Возможно, рост Николая Сергеевича ограничивал его возможности как классического танцора – он был известен скорее как мим и балетный постановщик, чем как искусный исполнитель антраша и фуэте. Помимо партий в “Дочери фараона” и “Клоде Фролло”[13] его главной ролью был Герцог в “Жизели” и другие, в которых ему приходилось только величаво вышагивать по сцене в нарядном убранстве, принимать величественные позы и отдавать приказы слугам (“Отпустите рабов!” или “Довольно воевать!”). В общем и целом Николай Сергеевич, как мне кажется, преуспел в выбранной им профессии благодаря своему обаянию и красоте, величавой внешности и предприимчивости – как и многие другие члены нашей семьи. Возможно, ему покровительствовал Мариус Петипа, французский хореограф, на протяжении десятилетий главный балетмейстер Мариинского театра, где Николай Сергеевич несколько лет был главным режиссером. На это указывает и то, что они оба ушли из Мариинского в 1903 году, когда сменилась верховная администрация.
К Чингисхану, как утверждала Татьяна, ее род восходил по отцовской линии. Доказательства здесь тоже были косвенные. Ее бабушка по отцу, Софья Петровна Яковлева, в девичестве Кузьмина, моя любимая бабуля, которая умерла, когда мне было восемь, родилась в Самарской губернии, к северо-востоку от Каспийского моря и к западу от Казахстана. Вплоть до XVI века эти места принадлежали потомкам Чингисхана, и там до сих пор встречаются такие нерусские имена, как Сагиз, Макат, Челкар, что говорит о сильном влиянии татарской культуры. “Очень благородная семья”, “прямые потомки Чингисхана”: в этом стремлении одновременно к пышной родословной и дикарской свободе – вся моя мать. На самом деле, есть один шанс из миллиона, что мы происходим от Чингисхана, а вот то, что брат моей прабабушки, Петр Кузьмин, несколько лет прослужил предводителем дворянства в Рязанской губернии – уже реальность.

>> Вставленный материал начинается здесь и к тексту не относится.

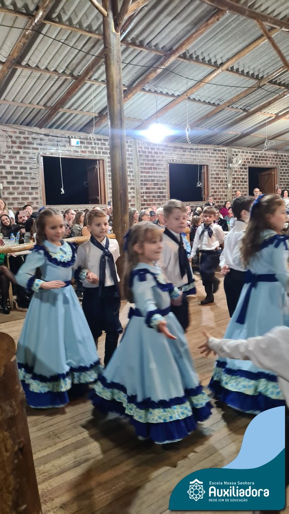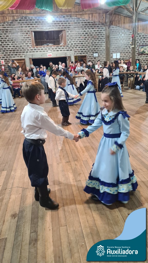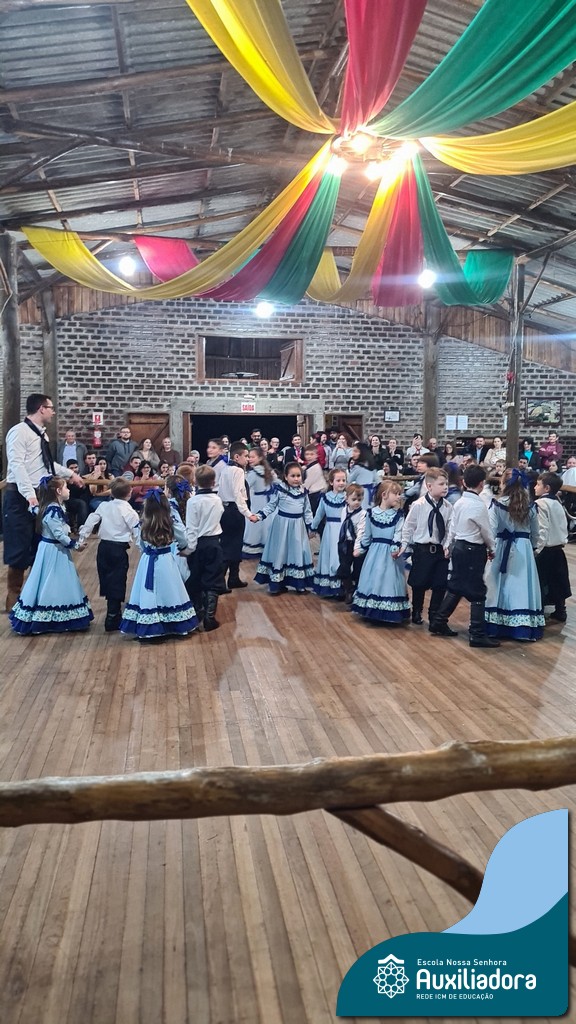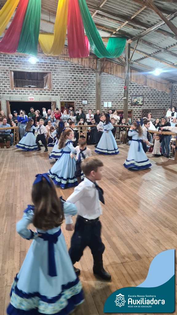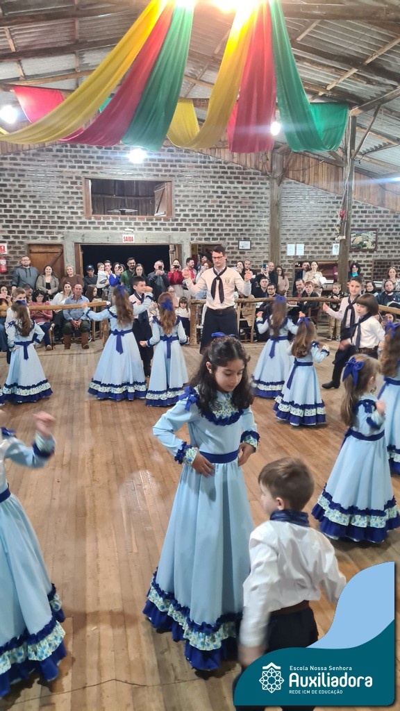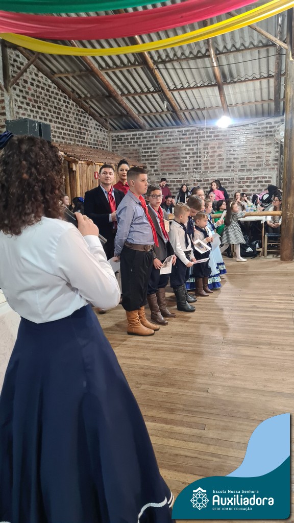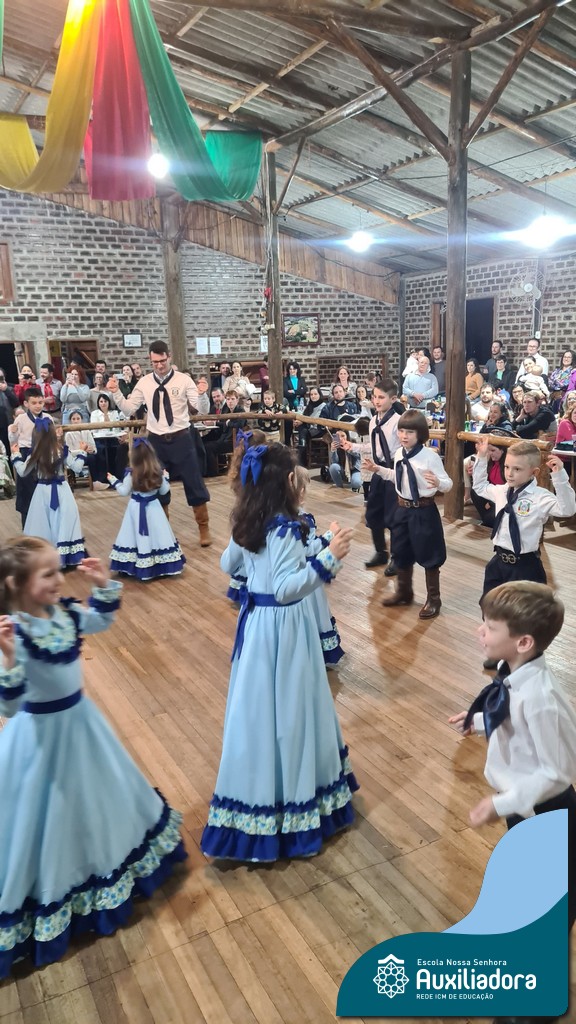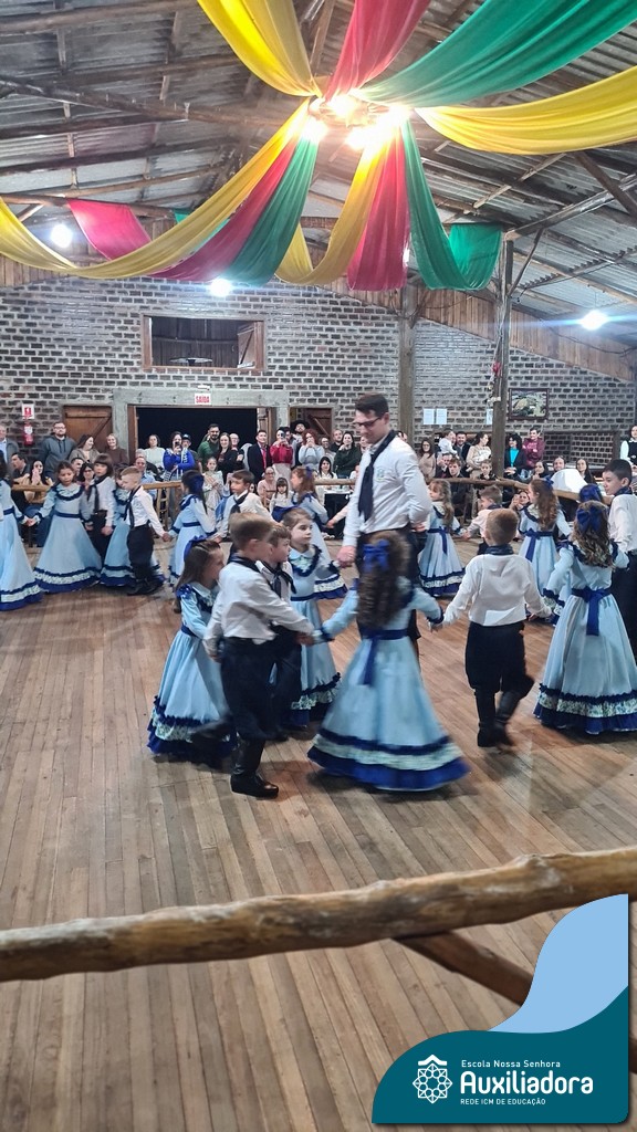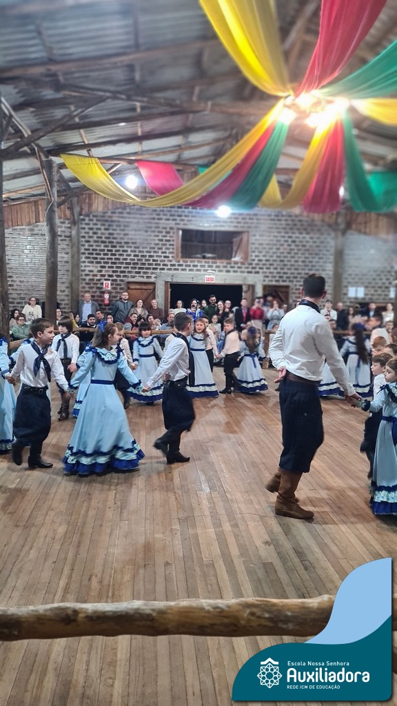 A noite foi marcada ainda pela pré-estreia da Invernada Pré-Mirim, coordenada pelo professor Ivan Augusto Rohrs, com apoio dos professores Edinéia Samua Piovesan, Bruno Ficanha Basso e Andreza Alves Martins. As crianças apresentaram as danças Caranguejo, Pezinho e Polonésia, encerrando com a tradicional Polonese junto aos pais. Um verdadeiro espetáculo de tradição, afeto e pertencimento, mostrando que o amor pela cultura gaúcha floresce desde cedo.
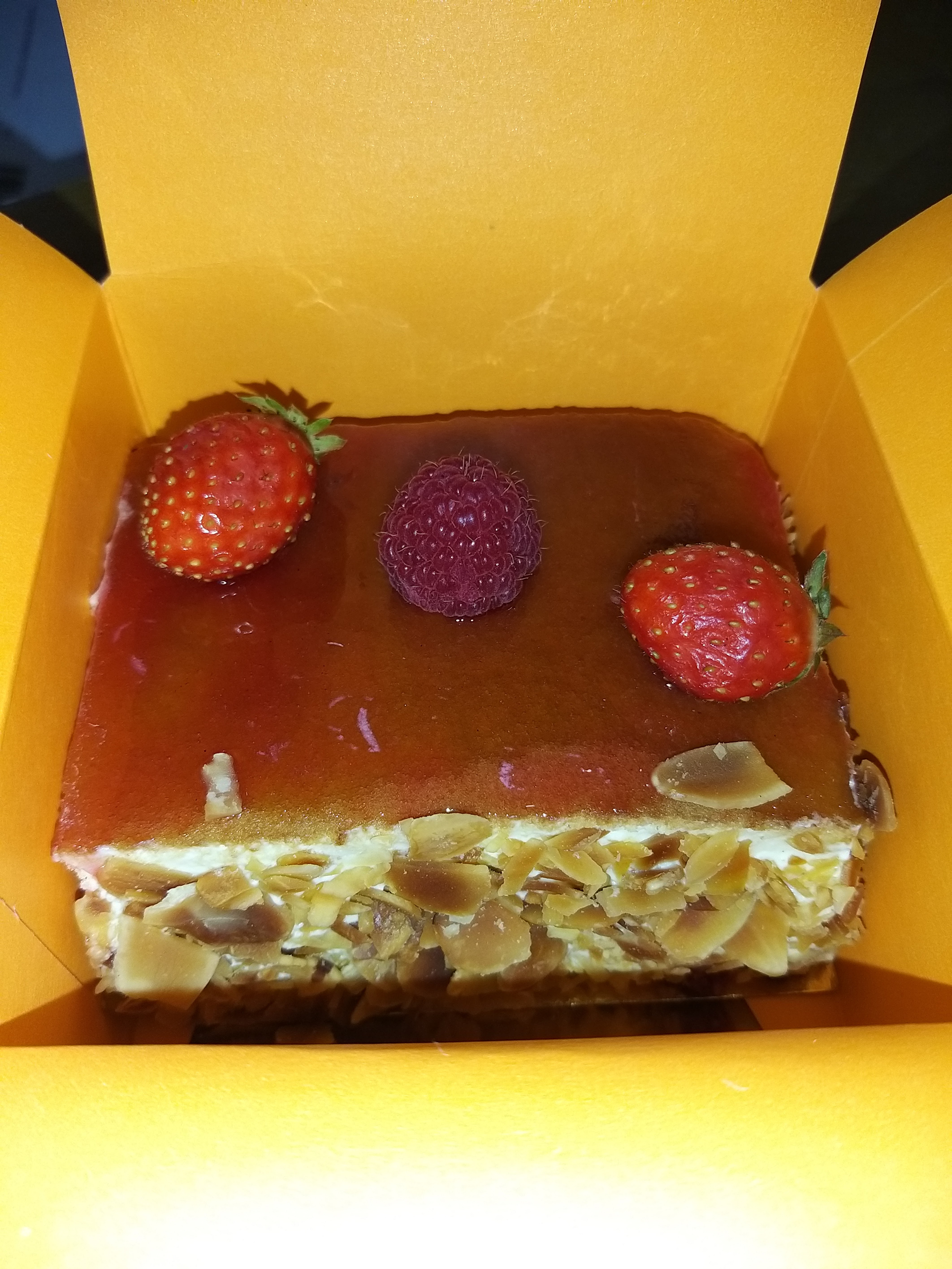 Nous sommes allés prendre le thé un jour de semaine. La gérante forçait vraiment les ventes. Les gâteaux étaient moyens ; le millefeuille était un flanc habillé en millefeuille. Je comprends la nécessité de vendre - mais je ne tolère pas la tricherie sur les produits

Моя прабабушка была выдающейся женщиной: с детства демонстрируя впечатляющие успехи в учебе, она смогла подойти к выбору профессии с куда большей свободой, чем большинство девушек XIX века на востоке России. Обнаружив особенную склонность к математике, прабабушка поступила в Санкт-Петербургский университет. Согласно семейной легенде, она была первой[14] в России женщиной-математиком с ученой степенью, и, когда в день выпуска Софья Петровна сходила с кафедры с дипломом в руках, разъяренные профессора забросали ее помидорами в знак протеста против женского вторжения. Она, однако, приберегла свои математические навыки для домашнего использования и вышла замуж за архитектора и инженера Евгения Александровича Яковлева, а вскоре родила ему детей:
– моего дедушку Алексея, который пошел по стопам отца и также стал архитектором и инженером и впоследствии был награжден за проектирование государственных театров;
– мою двоюродную бабушку Александру (тетю Сандру), одаренную певицу (контральто), которая дебютировала в опере в 1916 году в роли графини в “Пиковой даме” Чайковского[15] и чья любовь, наряду с бабулиной, сопровождала меня в раннем детстве;
– моего двоюродного дедушку Александра (дядю Сашу), знаменитого путешественника, который после революции стал одним из двух-трех самых выдающихся художников русской диаспоры в Париже, человека, который сыграл ключевую роль в жизни мамы;
– мою двоюродную бабушку Веру – вторую по старшинству и единственную среди детей, кто не достиг ничего выдающегося; в двадцать два года она вышла замуж за немецкого сельскохозяйственного магната, с которым познакомилась, когда путешествовала с родителями по Французским Альпам в 1906 году.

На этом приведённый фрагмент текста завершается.